Во-первых, если вы обратили внимание, то я на тему бизнеса очень редко высказываюсь. Я считаю, что деньги любят тишину. А с другой стороны, с большим удовольствием общаюсь на политические темы. Я считаю, что уровень известности в такой стране, как Украина — это плюс и фактор защиты от разных наездов. Но смешивать бизнес и политику недопустимо. Если ты занимаешься политикой, ты должен отказаться от занятия бизнесом. Это сочетание всегда приводит к конфликту интересов и, в итоге, к разнообразной грязи, которой хотелось бы избежать.
У меня есть и собственный опыт российский, когда я видел этот конфликт и был вынужден делать выбор. В России, когда ты занимаешься оппозиционной политикой, тебе родное государство «поможет» прекратить заниматься бизнесом. Когда я только начинал, еще в начале 2000-х, по всем контрагентам, которые у меня были, с кем у меня были хоть какие-то деловые контакты, звонило ФСБ и говорило: "Вот с этим товарищем вам не надо, а то мы заинтересуемся вами". И они один за одним разрывали все отношения и говорили: "Ты, конечно, хороший парень, но нам проблем не надо". Так мне государство помогло сделать этот выбор.
В то же самое время стоять в стороне от преобразований, которые происходят в стране, предприниматели не должны. У них есть опыт, идеи и ресурсы, которые надо использовать для помощи перспективным политикам, которые бы вставали у руля управления и могли бы выстроить те самые прозрачные, понятные и нейтральные правила игры, по которым бы развивался бизнес.
— Вы были единственным депутатом Госдумы, который проголосовал против присоединения Крыма к РФ. Во время голосования вы понимали, что будете единственным?
— Да.
— Почему именно против, а не воздержались, как сделали еще три ваших коллеги?
— Если бы мы все не голосовали, то в историю вошло бы, что было единогласное голосование. От того, что кто-то не голосовал, цифры не менялись; было бы "за" — 445, "против" — 0, воздержалось – 0. То есть не голосовать, пойти пописать в ключевой момент – это не решало задачу сорвать образ единомыслия.
Воздерживаться не было никакого смысла, потому что по последствиям со стороны власти с голосованием "против" это ровно то же. Но при этом получается, что ты не можешь выразиться, не можешь определиться, за ты или против, по столь принципиальному вопросу. Это как-то глупо.
Я посчитал крайне важным для отношений Украины и России в будущем, чтобы голосование не было единогласным, его нужно было сорвать. Если бы кто-то еще собирался голосовать против, я бы, может, и засомневался и пересидел бы ключевой момент у себя в Новосибирске, где у меня были мэрские выборы. Но так как я точно знал, что никого против не будет, то кто-то же должен был это сделать.

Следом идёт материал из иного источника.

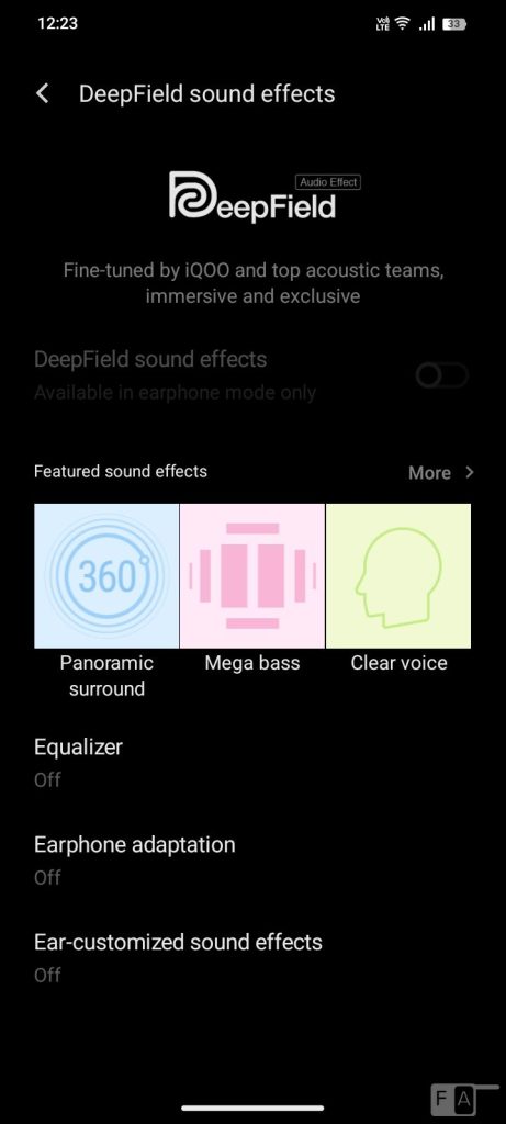 The default Music Player also has equalizer and DeepField sound effects. It also has FM Radio support. There is audio super resolution, and super audio features. Audio through the mono speakers is decent, the company could have offered stereo speakers to compete with other brands. Audio through the headphones is good as well.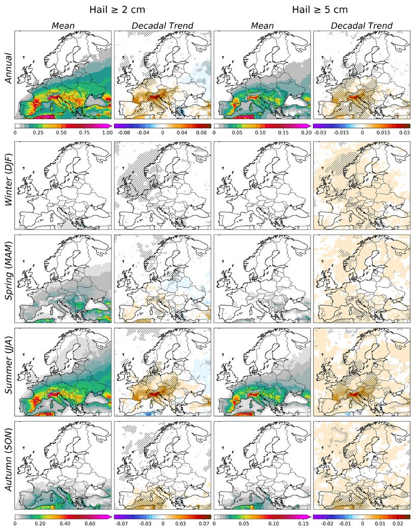 Dans l’étude menée par l’ESSL, de l’Université Adam Mickiewicz, du NSSL et de la Freie Universität Berlin, rédigée par Francesco Battaglioli, chercheur à l’ESSL des chercheurs ont reconstruit la climatologie de la foudre et de la (très) grosse grêle en Europe et en Amérique du Nord depuis 1950 à l’aide de modèles statistiques (AR-CHaMo) entraînés avec environ 24 millions d’observations de foudre et plus de 44000 rapports de grêle.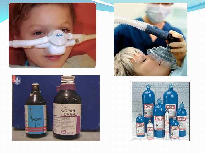 Наркоз подразделяют на: - Ингаляционный -Неингаляционный -Ингаляционный наркоз основывается на введении общих анестетиков через легкие и проводят жидкими или парообразными анестетиками (диэтиловый эфир, фторотан, трихлорэтилен, пентран, хлороформ) или наркотическими газами (закись азота, циклопропан). Ингаляционный наркоз проводят с помощью ротоносовой или носовой масок (масочный наркоз), назофарингеальной трубки (назофарингеальный), эндотрахеальной трубки, когда наркотическая смесь, минуя верхние дыхательные пути, поступает непосредственно в трахею и бронхи (эндотрахеальный, или интубационный, наркоз). -Для неингаляционного наркоза, основанного на введении общего анестетика внутривенно, через прямую кишку, используются такие препараты, как гексенал, тиопентал-натрий, пропанидид (сомбревин, эпонтол), байтинал, виадрил, оксибутират натрия, кетамин и др. Наркоз можно провести одним анестетиком (мононаркоз, однокомпонентный) или двумя и более анестетиками (многокомпонентный) и совместно с другими лекарственными веществами (комбинированный, смешанный наркоз).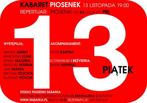 13 listopada PIĄTEK godzina 19.00 ul. Mikołajska 2 Kraków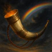 Представьте себе вселенскую паузу: звёзды будто выключили свет, реки забыли бежать, люди замерли в полуслове. И вдруг — гудок такой силы, что невидимые стены времени дребезжат, как стекло в старом окне. Это Гьяллархорн, рог стража радуги Хеймдалля. Его звук разрывает тишину на молекулы и кричит: «Асгард, проснись! Судьба уже в дверях!»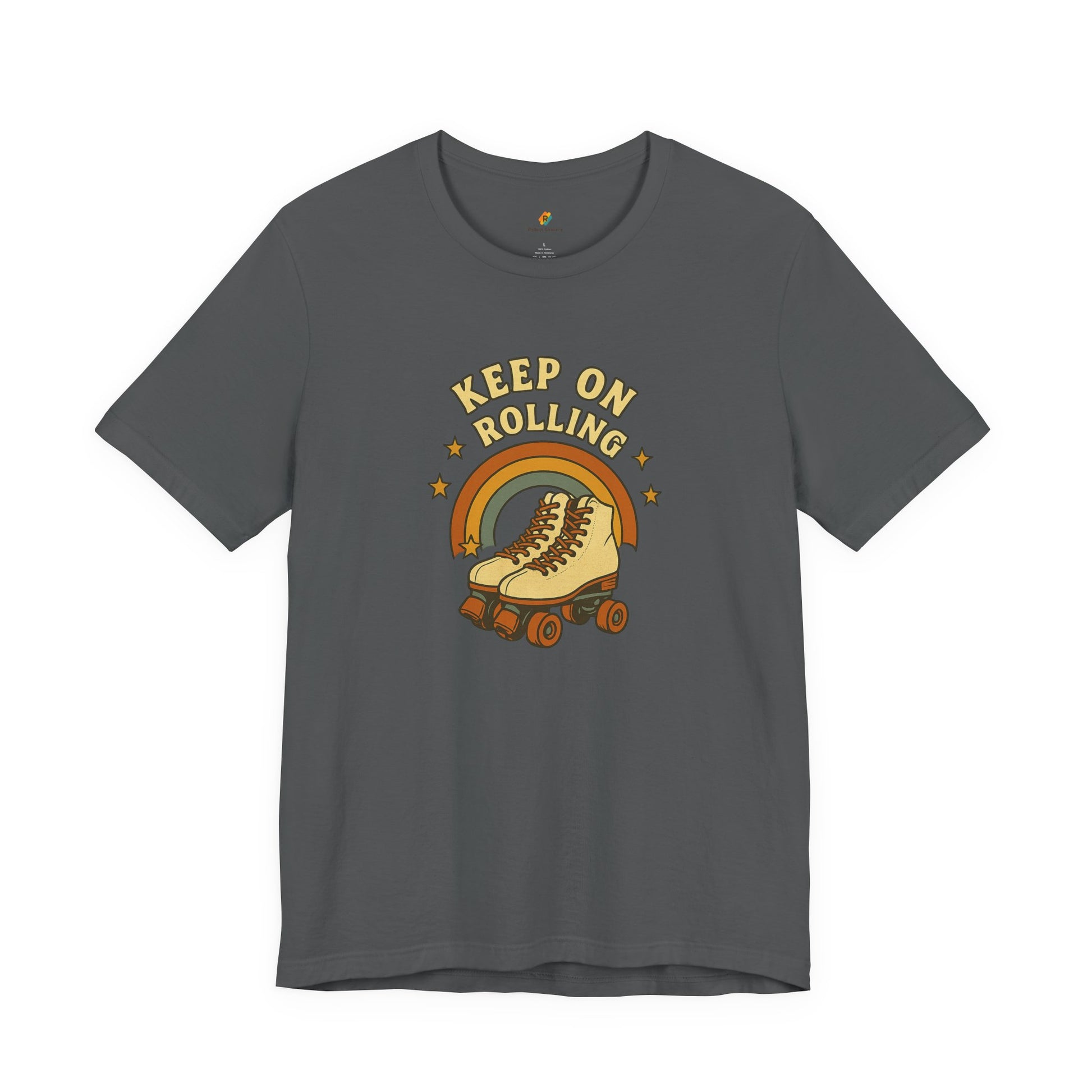 Elevate your wardrobe with this Keep On Rolling unisex cotton tee.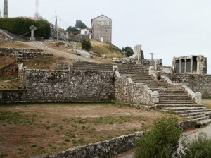 Una vez que llegas a la cumbre del monte de Santa Tegra, en castellano Santa Tecla, patrona de los pianistas nos decían de niños, después de contemplar la impresionante estampa del río Miño entregando su caudal al océano,  se inicia el camino de descenso hacia O Castrexo das Chans por un retorcido sendero al que le han puesto el nombre de Camiño das 14 revoltas, pues 14 son, por lo menos, las curvas poe las que hay que  moverse para llegar al citado lugar de Castrexo, antiguo enclave neolítico en el que un Centro de Interpretación explica a los visitantes las características del sitio, también merendero, en el que los castaños han abierto sus erizos lo cual nos permite disfrutar de los primeros frutos  de la temporada.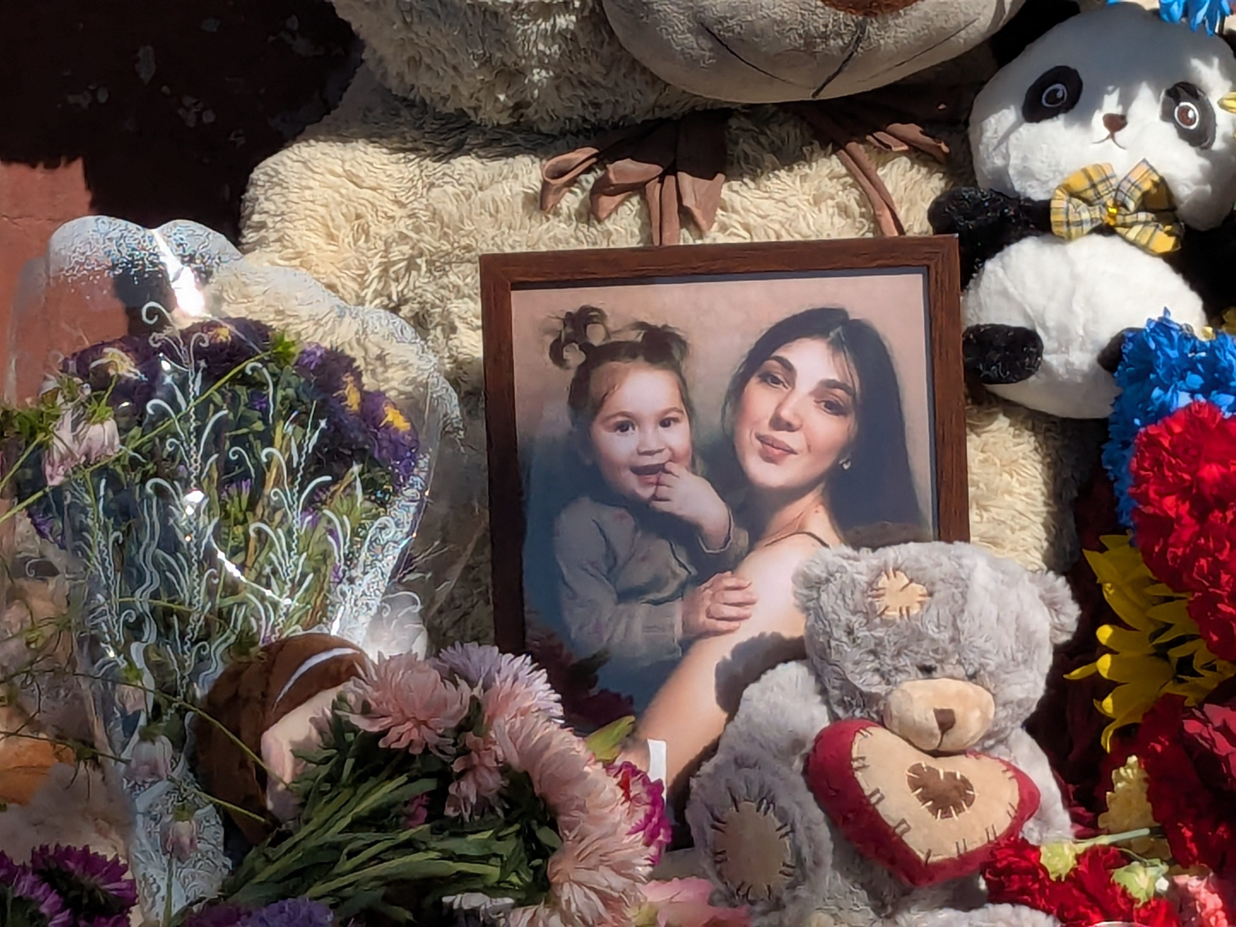 A photo of Nadiia Halych and her daughter, Anhelina, nestles within a makeshift shrine outside the Kyiv apartment building where they died in a Russian missile attack early Thursday. (c. Martin Kuz)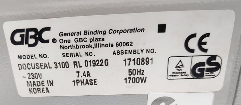GBC DocuSeal 3100 hot and cold laminator.Dimensions: 102cm L, 52cm W, 35cm HNote: inspection is highly recommended, item is untested, signs of wear, may be missing parts. Inspection highly recommended, item is untested, signs of wear, may be missing parts.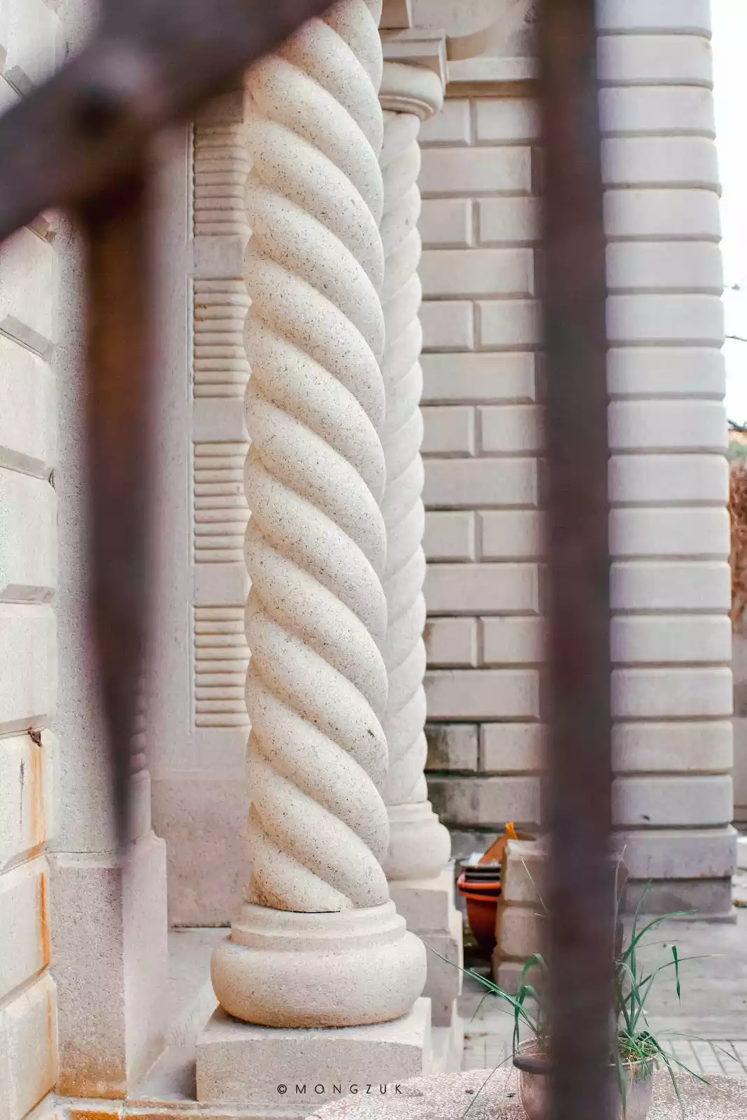 The appearance is also unique, with distinctive spiral Roman columns and corner columns ingeniously stacked with whole pieces of granite, making the entire corner rounded and smooth.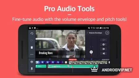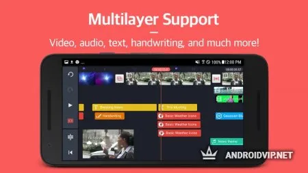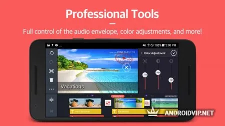 KineMaster – Pro Video Editor - это единственный в своём роде профессиональный редактор видео для мобильных устройств, который умеет работать с многослойными видеоматериалами, звуком, картинками и текстом. Также в его функционал входит обрезка и резка видео, наложение фильтров и другое. Отрегулируйте насыщенность видео, яркость и цветовой оттенок. Наложите размытие, моазику и ряд других популярных фильтров. Сделайте красивый переход с одного ролика на другой: затухание, салфетки и т. д.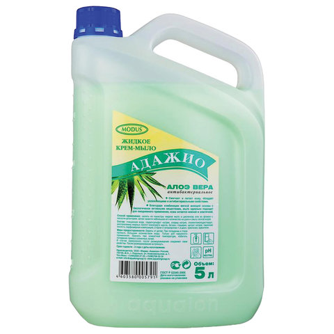 Мыло-крем «Адажио. Алоэ Вера, перламутровое антибактериальное», мягко очищает кожу и защищает от воздействия вредных бактерий. Подходит для мытья рук и тела.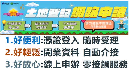 還在煩惱要親自至地政事務所送件申請土地登記案件嗎?還在擔心於機關間來回奔波辦理各項業務會有染疫之困擾呢?因應數位化、智慧科技發展潮流,現在除了臨櫃申辦地政業務外,亦提供線上申辦服務,由原須臨櫃申請辦理,簡化為24小時隨時隨地均可透過自然人憑證登入線上申辦系統,完成網路申辦,大幅降低過去排隊等候送件的時間及減少交通成本。
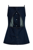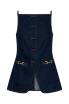 The ASHTON Sleeveless Button Denim Top is a fresh twist on a classic. With a straight neckline and shoulder straps, this top combines structure and style with an open back that adds a touch of daring. The front features a non-functional button closure for a chic, streamlined look, while custom buckle hardware on the pockets brings a unique edge. Designed in a flattering longline silhouette, it finishes with a slight flare at the hem for a playful yet polished feel. This top is a versatile statement piece, perfect for pairing with high-waisted bottoms or layered under a jacket.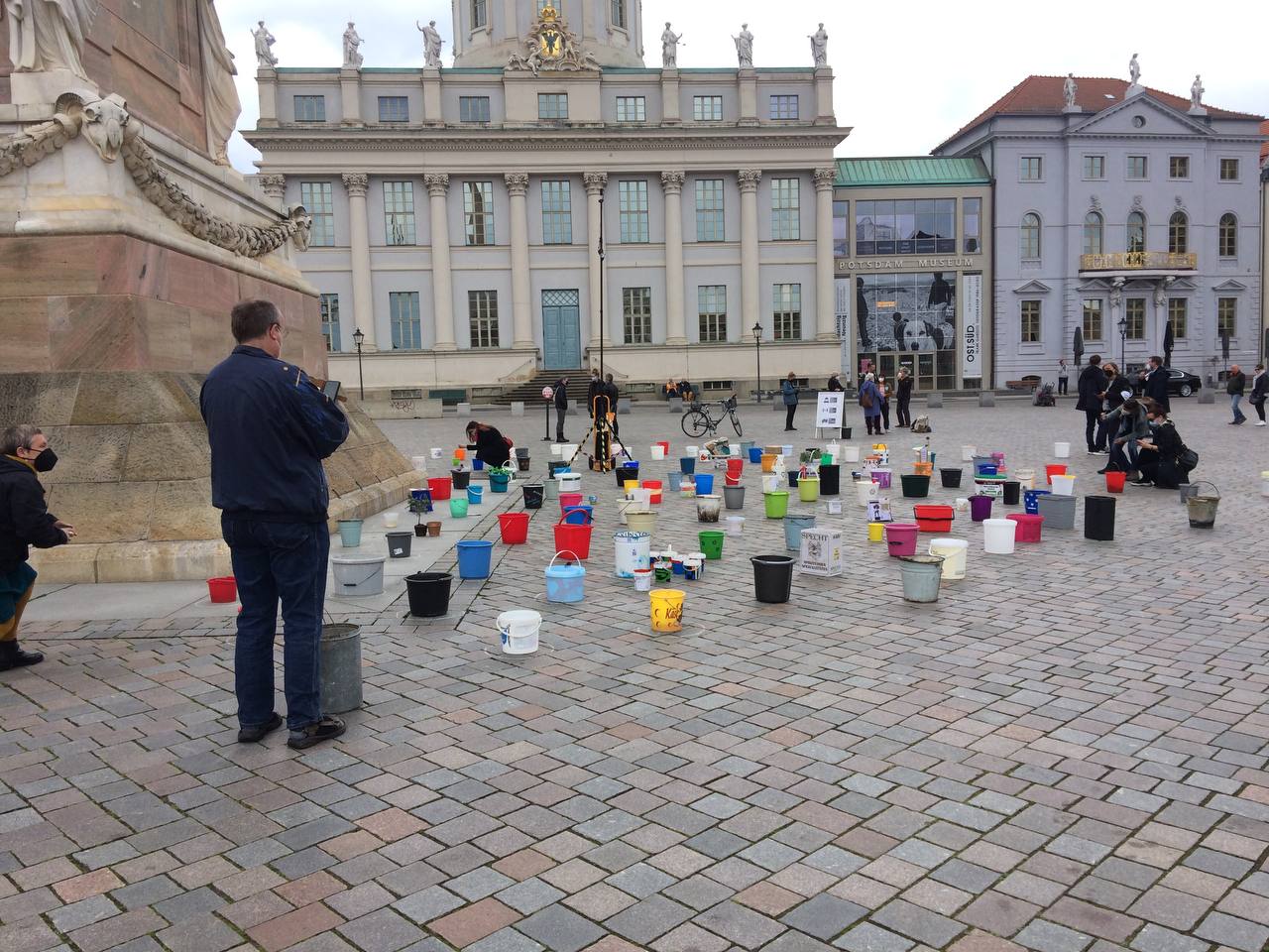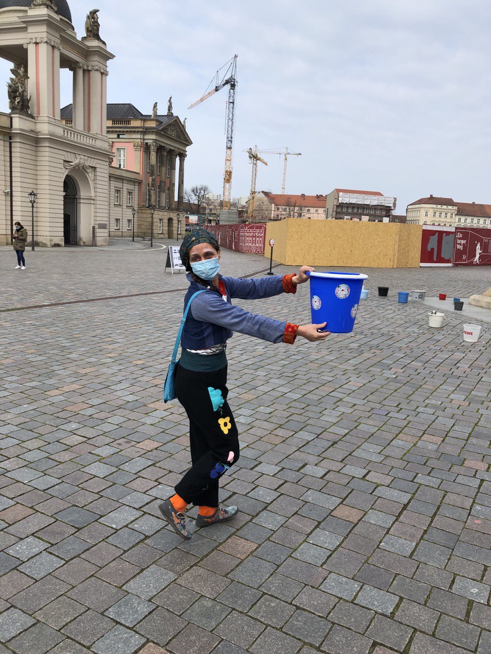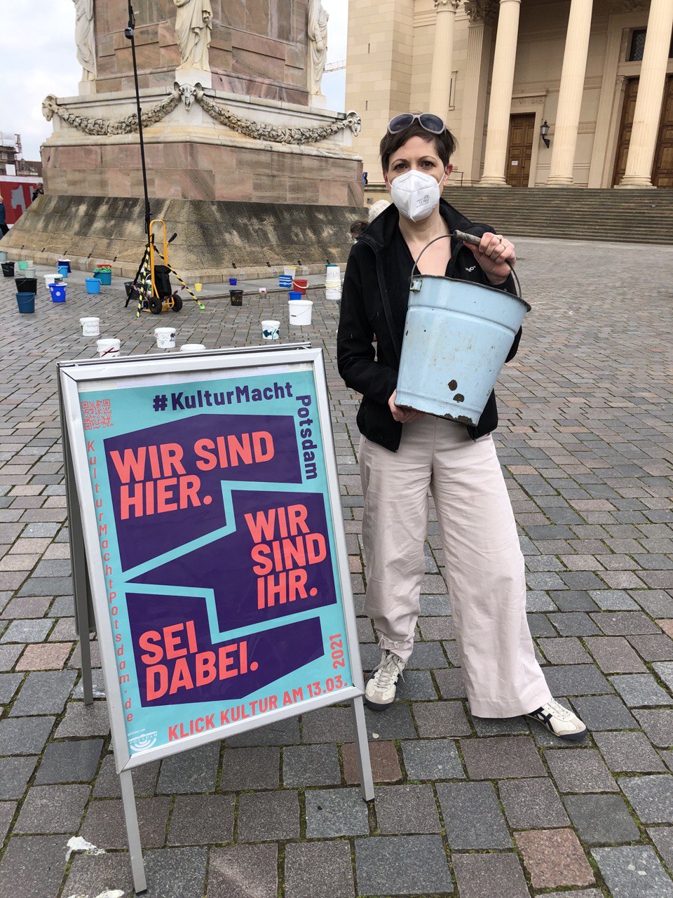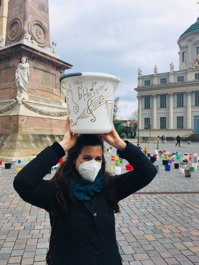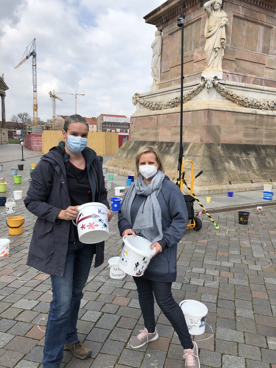 Wir laden daher am 1. Mai zwischen 09:00 und 16:00 Uhr Potsdamerinnen und Potsdamer zu einer „demonstrativen“ Aktion am Alten Markt ein. Nach dem Motto #EimerweiseKunst, werden Künstler:innen und alle Menschen, die ein Zeichen der Solidarität setzen wollen, aktiv, indem sie je einen Eimer zum Alten Markt bringen, diesen in einem wachsenden Kreis um den Obelisken aufstellen und dann wieder gehen.

— При этом, наверняка, были люди, которые тоже не поддерживали голосование, но проголосовали "за", как все, из-за страха. Вы даже говорили в каком-то интервью, что к вам после подходили, мол "Вау! Молодец! Но я не смог бы". Наверняка сейчас в российском правительстве тоже есть люди, которым ситуация не очень нравится, но при этом они ничего не делают, и тоже имеют на это причины. Что бы вы хотели им сказать?
— Я бы хотел им сказать то, что написал то ли российский, то ли украинский писатель, которого мы до конца не поделили – Михаил Булгаков: "Главный человеческий порок — это трусость". И я с ним полностью согласен.